• _Task_: Starting at the line that contains "SDR11 (PN10) Superficie" and stopping at the line that contains "公益社団法人川口青年会議所は", restate each line of the records below exactly. Omit the pictures.

• _Given information_:
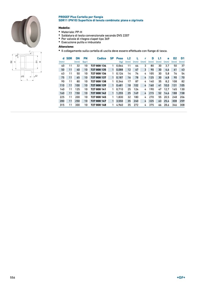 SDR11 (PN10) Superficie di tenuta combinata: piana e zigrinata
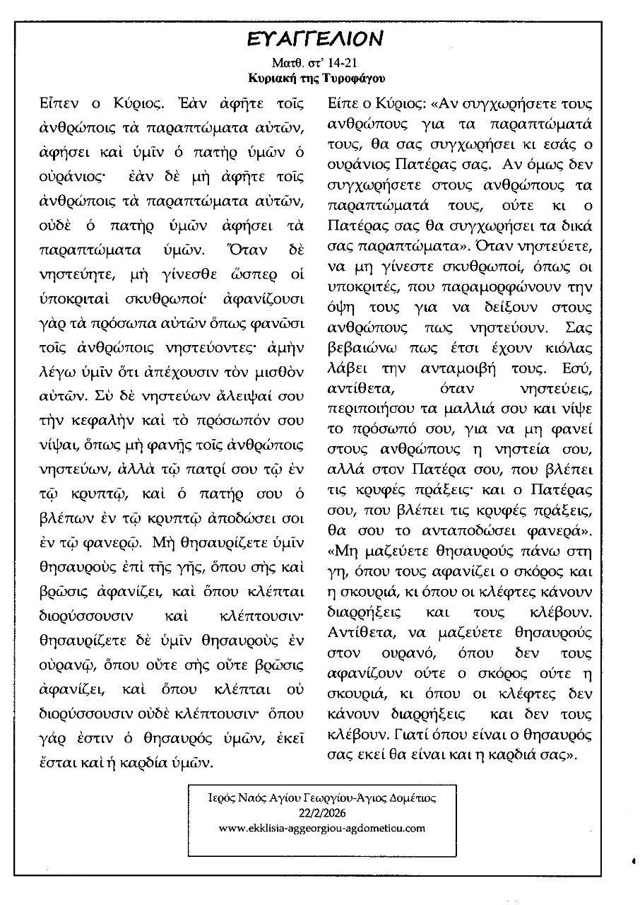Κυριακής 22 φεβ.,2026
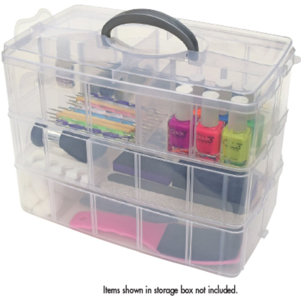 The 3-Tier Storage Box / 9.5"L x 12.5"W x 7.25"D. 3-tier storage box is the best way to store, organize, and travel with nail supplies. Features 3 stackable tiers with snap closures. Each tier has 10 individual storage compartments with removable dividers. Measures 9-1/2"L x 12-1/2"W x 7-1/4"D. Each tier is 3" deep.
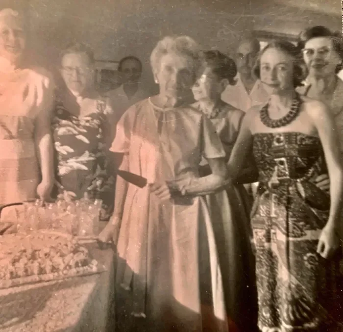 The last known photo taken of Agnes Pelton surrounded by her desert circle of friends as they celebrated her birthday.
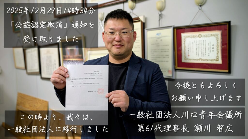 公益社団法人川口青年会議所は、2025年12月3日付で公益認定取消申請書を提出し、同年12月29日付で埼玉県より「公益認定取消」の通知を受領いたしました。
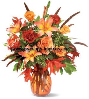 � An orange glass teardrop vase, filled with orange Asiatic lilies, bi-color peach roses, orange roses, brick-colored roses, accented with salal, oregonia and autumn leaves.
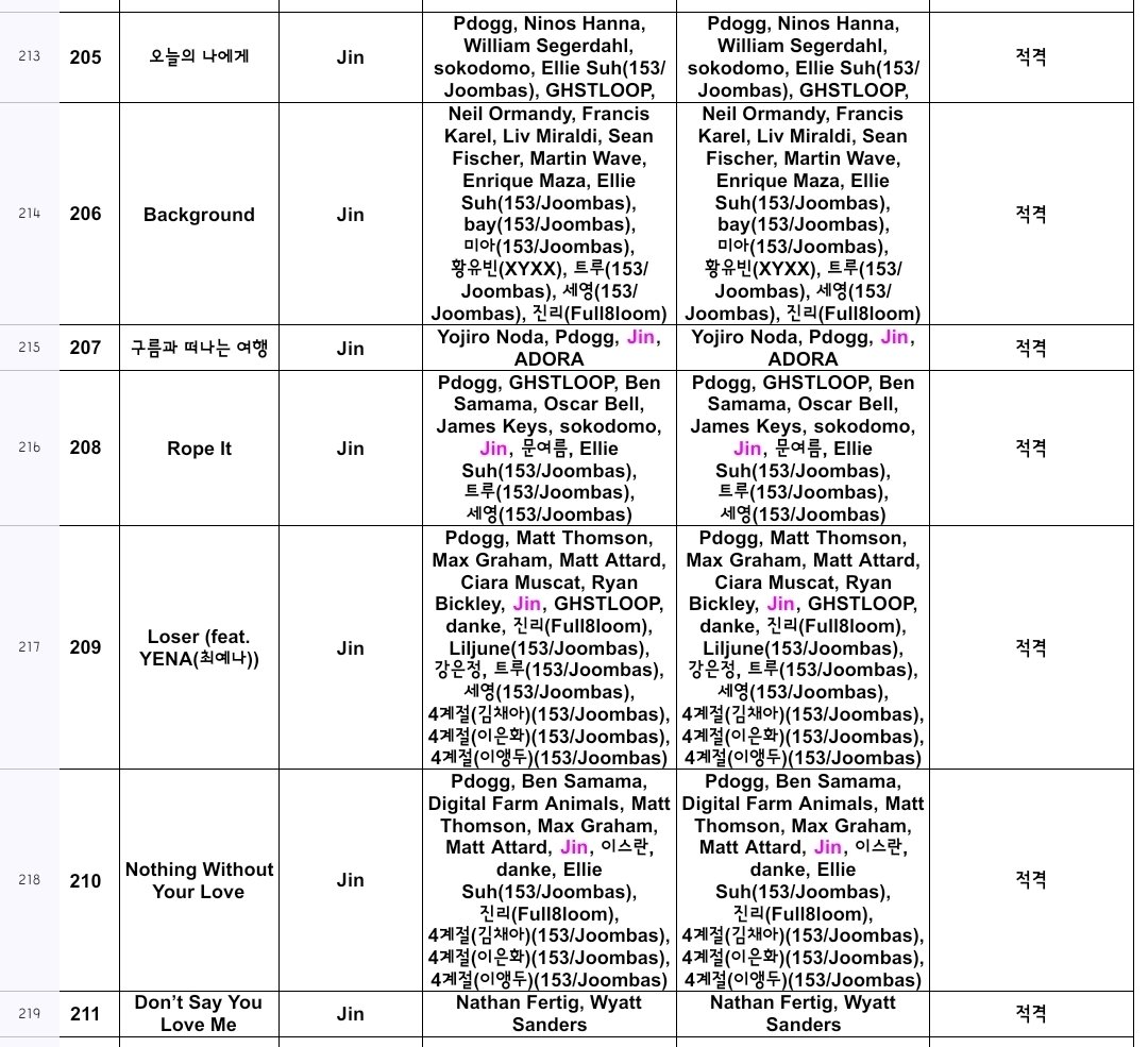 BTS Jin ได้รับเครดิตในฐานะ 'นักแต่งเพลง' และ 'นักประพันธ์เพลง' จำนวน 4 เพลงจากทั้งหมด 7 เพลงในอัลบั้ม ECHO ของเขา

--

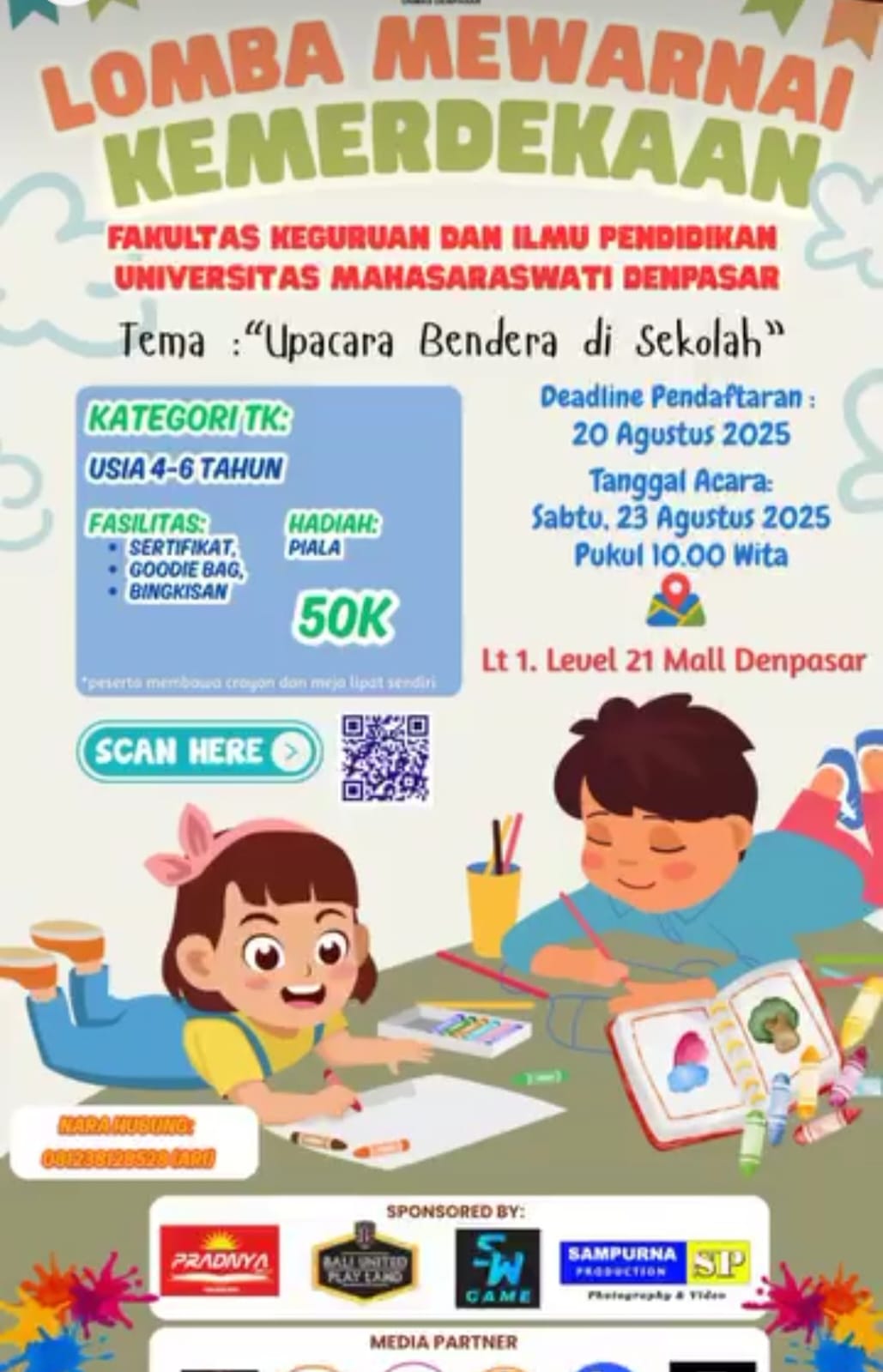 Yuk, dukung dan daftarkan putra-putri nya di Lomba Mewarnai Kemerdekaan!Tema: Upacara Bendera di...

---

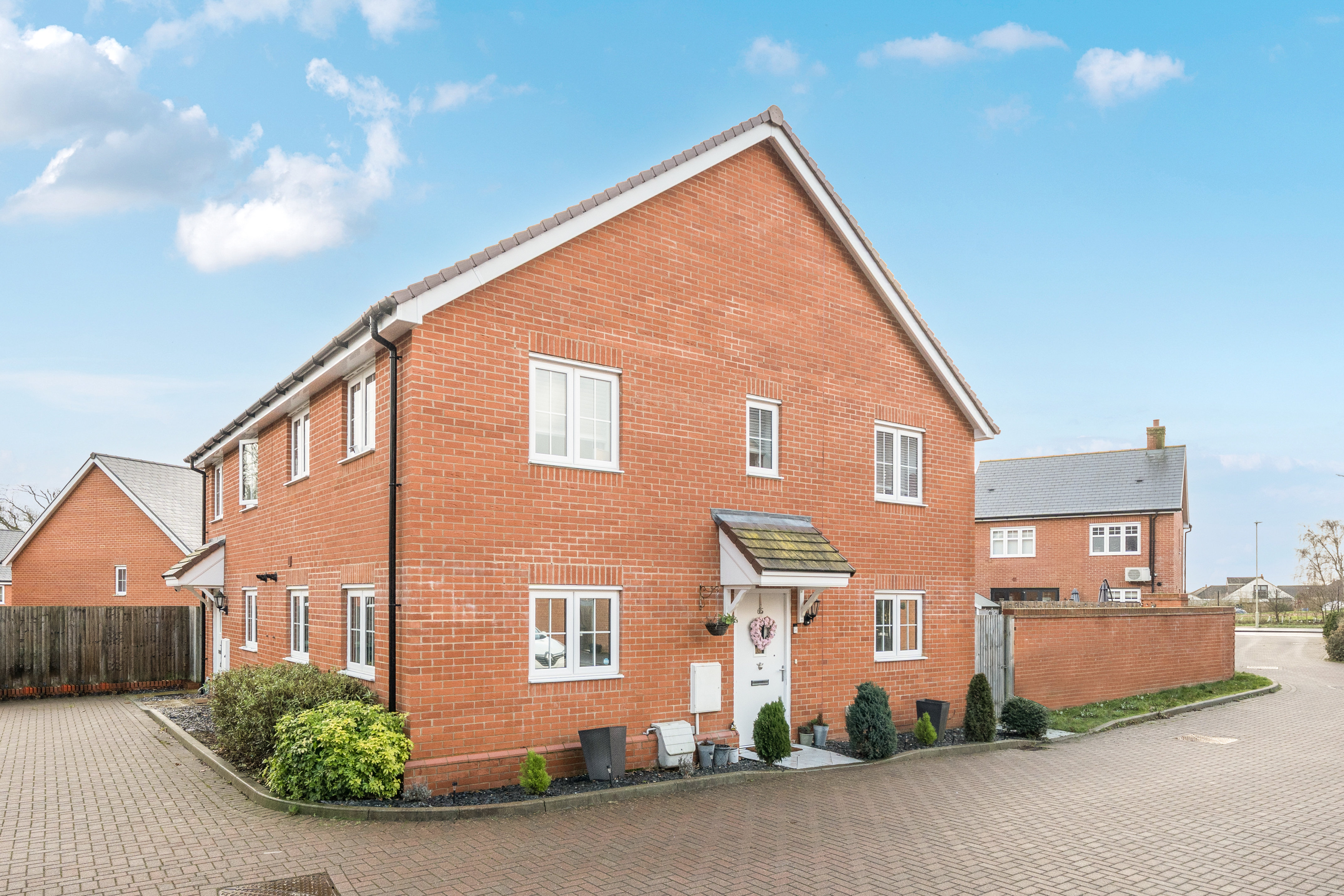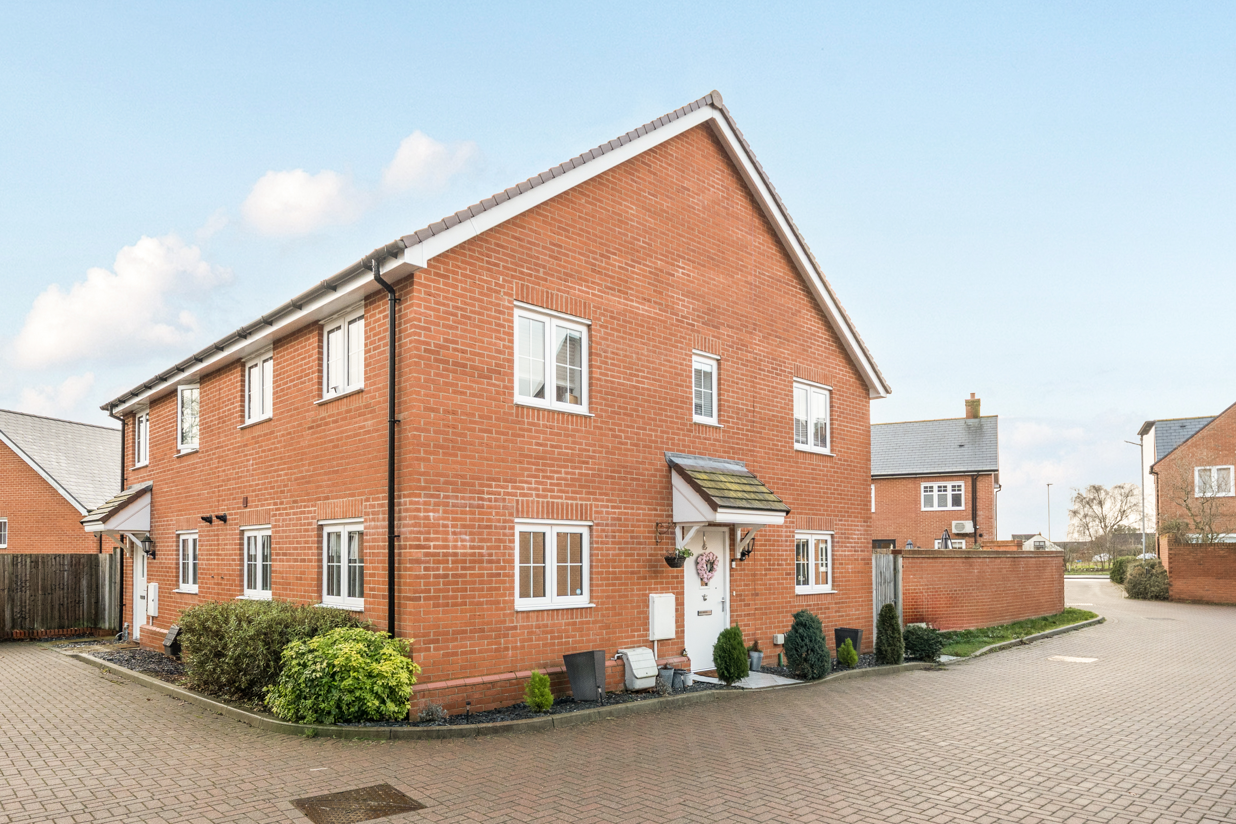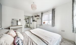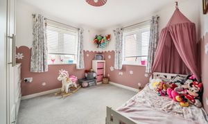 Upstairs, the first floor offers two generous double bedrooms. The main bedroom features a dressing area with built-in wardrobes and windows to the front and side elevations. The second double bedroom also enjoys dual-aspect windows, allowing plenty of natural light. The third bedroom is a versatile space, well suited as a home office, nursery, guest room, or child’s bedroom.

• _Output for this exercise_:
 SDR11 (PN10) Superficie di tenuta combinata: piana e zigrinata
Κυριακής 22 φεβ.,2026
 The 3-Tier Storage Box / 9.5"L x 12.5"W x 7.25"D. 3-tier storage box is the best way to store, organize, and travel with nail supplies. Features 3 stackable tiers with snap closures. Each tier has 10 individual storage compartments with removable dividers. Measures 9-1/2"L x 12-1/2"W x 7-1/4"D. Each tier is 3" deep.
 The last known photo taken of Agnes Pelton surrounded by her desert circle of friends as they celebrated her birthday.
 公益社団法人川口青年会議所は、2025年12月3日付で公益認定取消申請書を提出し、同年12月29日付で埼玉県より「公益認定取消」の通知を受領いたしました。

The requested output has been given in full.